= INPUT =
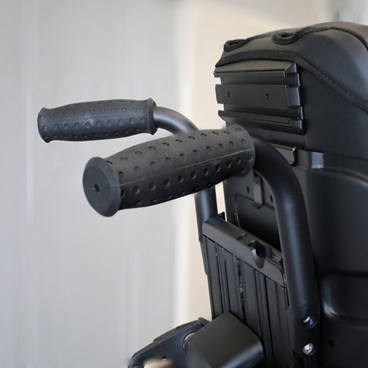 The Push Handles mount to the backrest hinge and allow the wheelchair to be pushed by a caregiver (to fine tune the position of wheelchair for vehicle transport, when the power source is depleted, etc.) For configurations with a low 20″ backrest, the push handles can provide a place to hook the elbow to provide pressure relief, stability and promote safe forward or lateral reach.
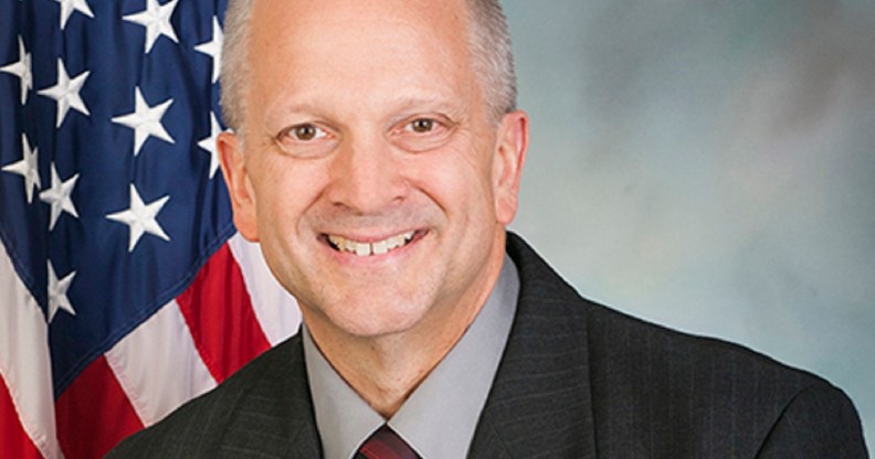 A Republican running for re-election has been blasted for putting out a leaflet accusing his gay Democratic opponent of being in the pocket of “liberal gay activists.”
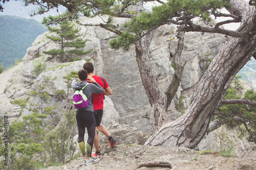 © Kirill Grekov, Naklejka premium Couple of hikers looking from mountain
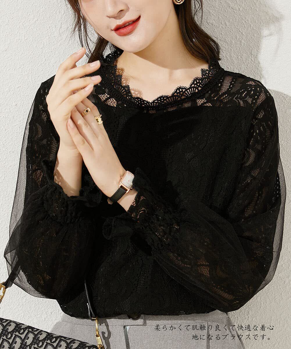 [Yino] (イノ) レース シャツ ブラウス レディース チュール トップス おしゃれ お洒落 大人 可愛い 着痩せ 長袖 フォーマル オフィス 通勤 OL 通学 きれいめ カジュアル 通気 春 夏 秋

--

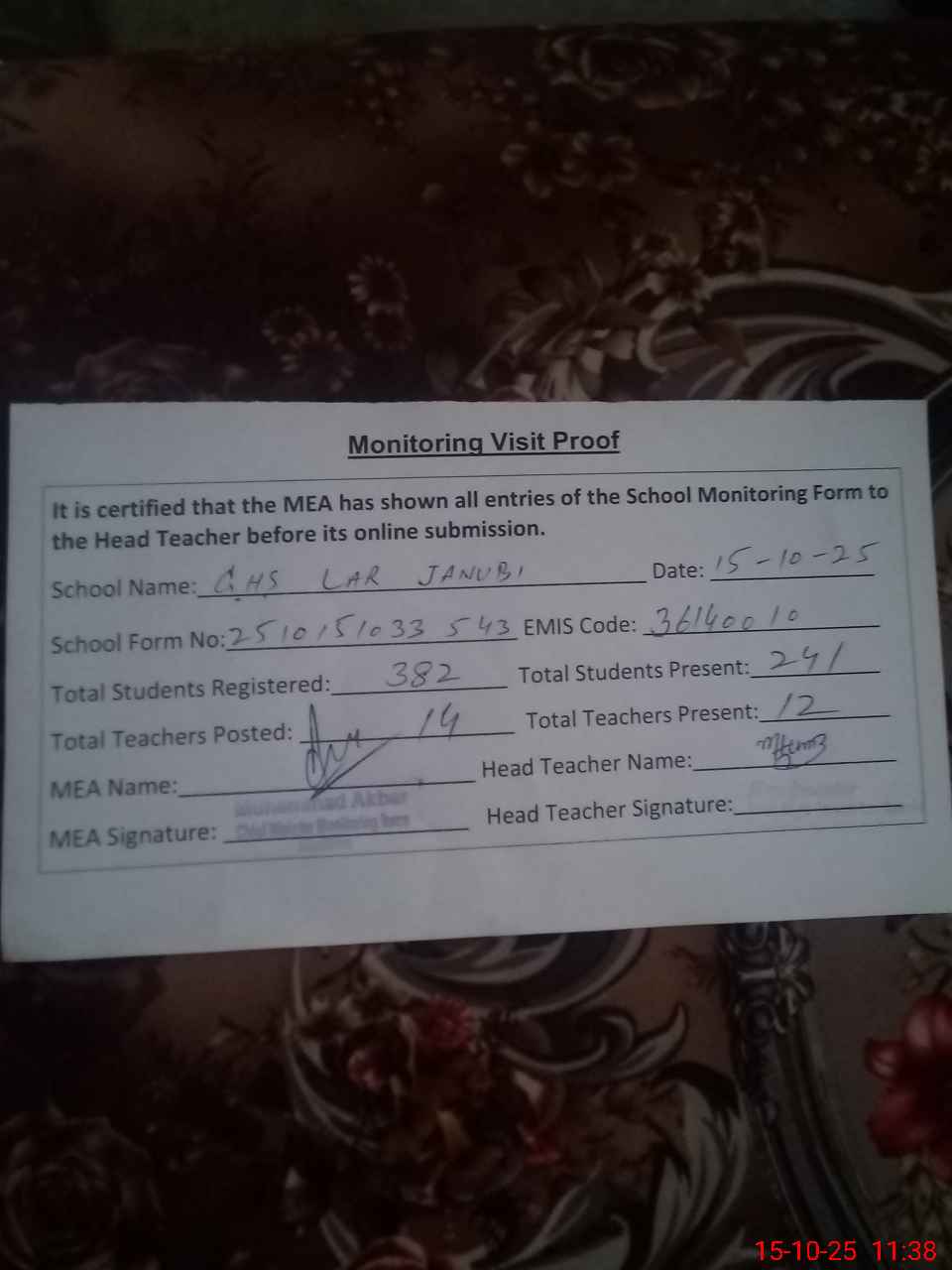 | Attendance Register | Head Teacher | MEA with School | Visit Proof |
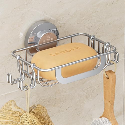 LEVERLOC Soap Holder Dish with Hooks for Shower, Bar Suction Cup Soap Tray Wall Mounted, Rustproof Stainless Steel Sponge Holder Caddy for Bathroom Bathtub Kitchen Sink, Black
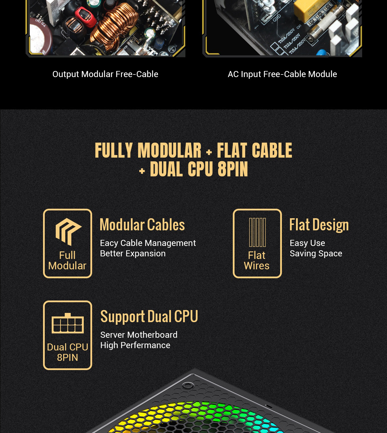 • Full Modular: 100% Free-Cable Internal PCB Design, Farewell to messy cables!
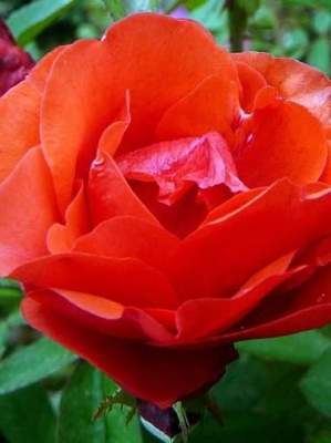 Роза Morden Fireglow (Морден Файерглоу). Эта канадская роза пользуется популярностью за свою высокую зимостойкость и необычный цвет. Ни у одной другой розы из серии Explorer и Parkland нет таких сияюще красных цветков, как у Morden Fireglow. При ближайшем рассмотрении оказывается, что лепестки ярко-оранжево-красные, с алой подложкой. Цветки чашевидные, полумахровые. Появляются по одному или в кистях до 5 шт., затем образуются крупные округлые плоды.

* * *

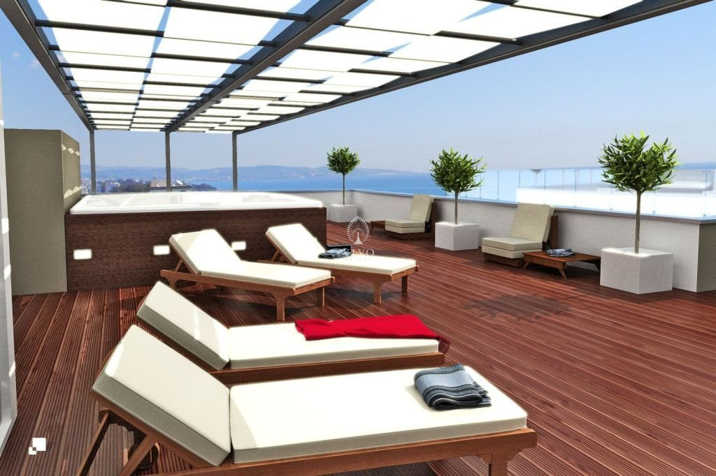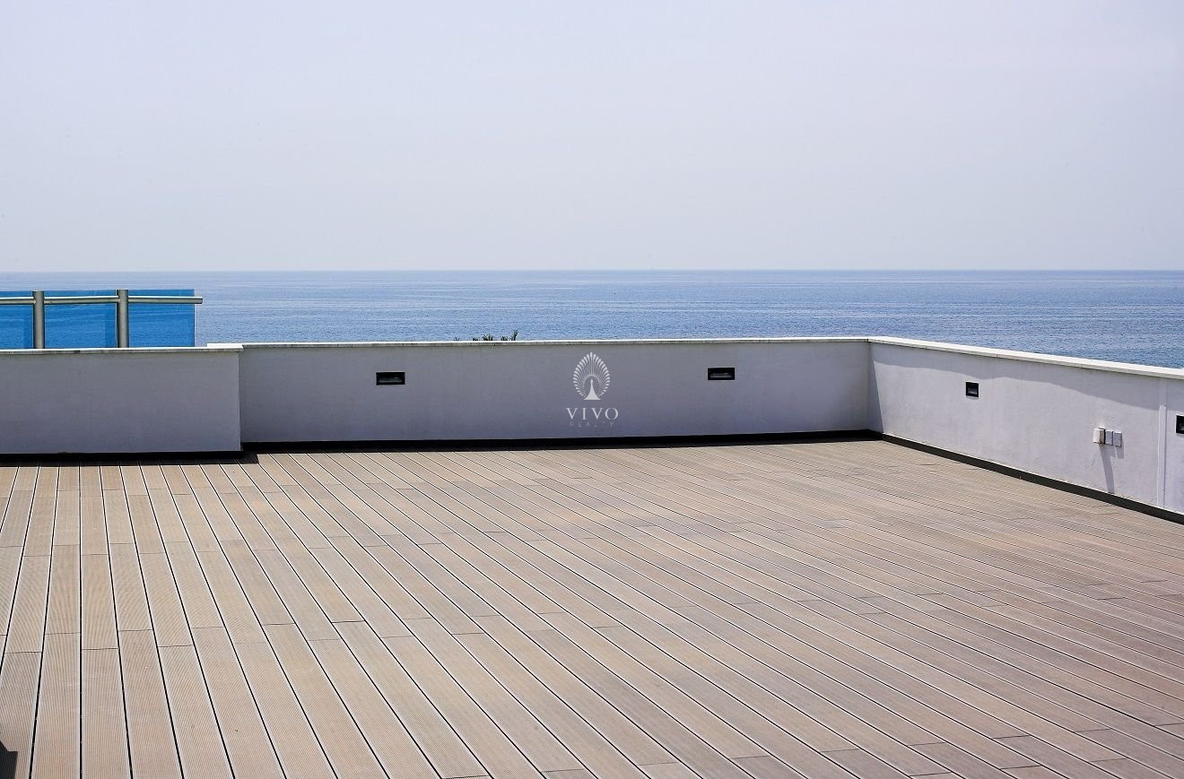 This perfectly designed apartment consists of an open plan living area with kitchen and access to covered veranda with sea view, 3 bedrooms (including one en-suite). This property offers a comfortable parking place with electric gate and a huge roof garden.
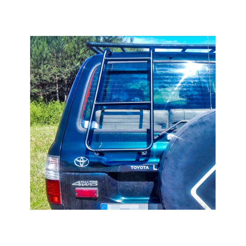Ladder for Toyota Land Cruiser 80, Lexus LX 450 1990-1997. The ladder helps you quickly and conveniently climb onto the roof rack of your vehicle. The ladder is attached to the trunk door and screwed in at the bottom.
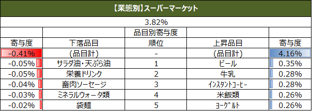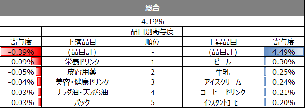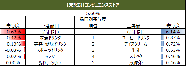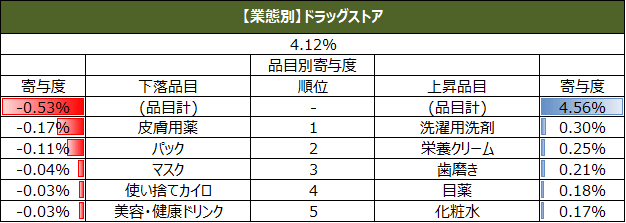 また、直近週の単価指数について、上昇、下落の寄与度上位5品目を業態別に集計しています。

= EXERCISE DESCRIPTION =
Nothing but the lines above, starting at the line that contains "LEVERLOC Soap Holder" and ending at the line that contains "to messy cables!", should be given again, exactly and without the pictures.

= ANSWER BOX =
 LEVERLOC Soap Holder Dish with Hooks for Shower, Bar Suction Cup Soap Tray Wall Mounted, Rustproof Stainless Steel Sponge Holder Caddy for Bathroom Bathtub Kitchen Sink, Black
 • Full Modular: 100% Free-Cable Internal PCB Design, Farewell to messy cables!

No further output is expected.